Always verify the certificate fingerprint before trusting/distributing it:

openssl x509 -in ~/.roxy/roxy-ca-cert.pem -noout -fingerprint -sha256

Example output: SHA256 Fingerprint=AA:BB:CC:...:ZZ

Publish the fingerprint (or display it in your UI) so users can confirm they installed the correct CA.

Security recommendations

  • Never distribute roxy-ca.pem or roxy-ca-cert.p12 (both contain the private key) unless absolutely necessary and only over a secure channel.
  • Keep private-key files (roxy-ca.pem, *.p12) permissioned to owner-only: chmod 600.
  • If the machine is shared or exposed, revoke and regenerate the CA and remove it from any systems it was installed into.
  • Log and audit where you installed the CA so you can revoke/trust changes consistently.
  • Prefer per-development-machine CA rather than a shared global CA for testing.

Troubleshooting

  • Still seeing TLS warnings: confirm the cert was installed in the system trust store (not just the browser’s temporary profile).
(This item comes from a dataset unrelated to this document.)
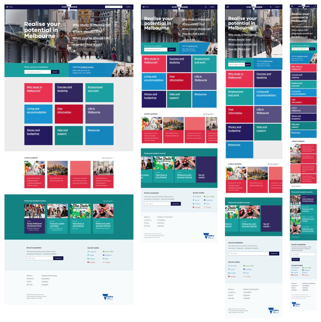 Above: An example of how a homepage may respond from desktop, to tablet landscape, to tablet portrait and finally, mobile.
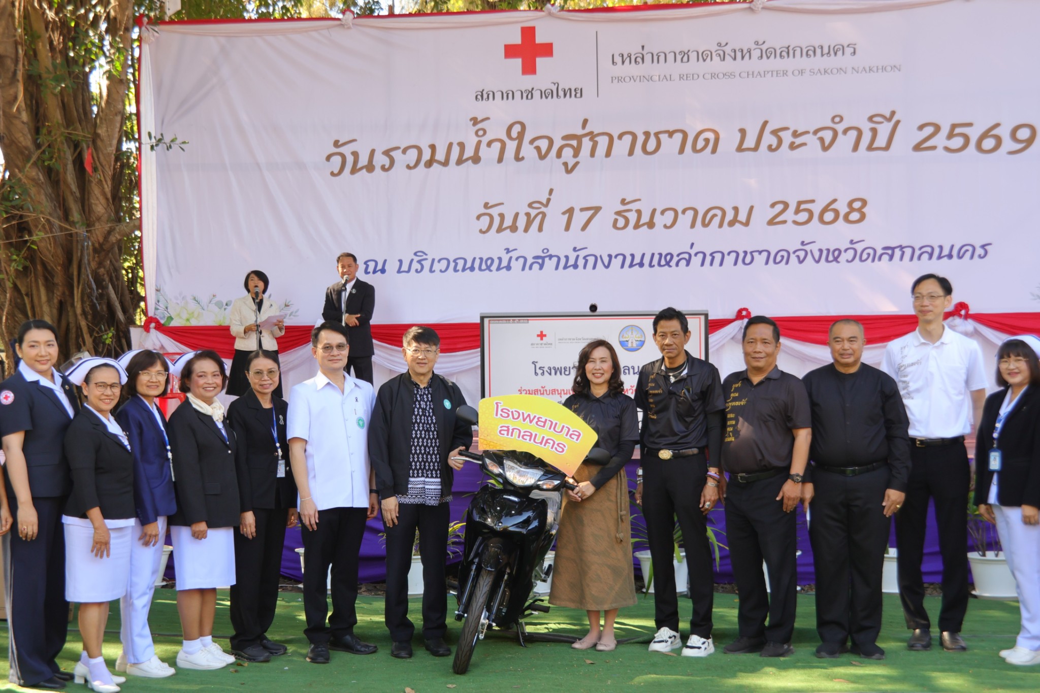 วันนี้ (17 ธ.ค. 68) เวลา 09.00 น. ณ บริเวณหน้าสำนักงานเหล่ากาชาดจังหวัดสกลนคร นางรณิดา เหลืองฐิติสกุล ผู้ว่าราชการจังหวัดสกลนคร ในฐานะนายกเหล่ากาชาดจังหวัดสกลนคร เป็นประธานเปิดงาน “วันรวมน้ำใจสู่กาชาด ประจำปี พ.ศ. 2569” โดยมี นางสาวจิราภรณ์ เบิกบานดี รักษาราชการแทนปลัดจังหวัดสกลนคร และเลขานุการเหล่ากาชาดจังหวัดสกลนคร เป็นผู้กล่าวรายงาน โดยมี รองผู้ว่าราชการ จังหวัดสกลนคร หัวหน้าส่วนราชการ ภาคเอกชน และประชาชนผู้มีจิตศรัทธาเข้าร่วมงานอย่างคับคั่ง

Check the cert fingerprint.
  • Browser still rejects after installing system CA: some browsers (Firefox on many platforms) use their own certificate store — import into Firefox separately.
  • Android app refuses: modern Android apps may opt out of user CAs — either install CA into system store (requires root) or configure the app/network stack to trust the certificate for development.
  • Java apps fail: ensure the CA is in the JVM cacerts used by that runtime. Different JDKs/containers may have separate cacerts files.
  • Proxy not being used: ensure your client is sending traffic via Roxy (check host/port, and that the proxy accepts TLS CONNECT or is configured as a transparent proxy).

Example checklist for onboarding a new dev machine

  1. Start Roxy once to allow it to generate ~/.roxy/* files.
  2. Verify fingerprint:
openssl x509 -in ~/.roxy/roxy-ca-cert.pem -noout -fingerprint -sha256
  1. Install roxy-ca-cert.pem into your OS/browser as required (use steps above).
  2. Confirm with curl:
curl --proxy 127.0.0.1:8080 --cacert ~/.roxy/roxy-ca-cert.pem <https://example.com/> -v

If TLS succeeds without cert warnings, you’re good.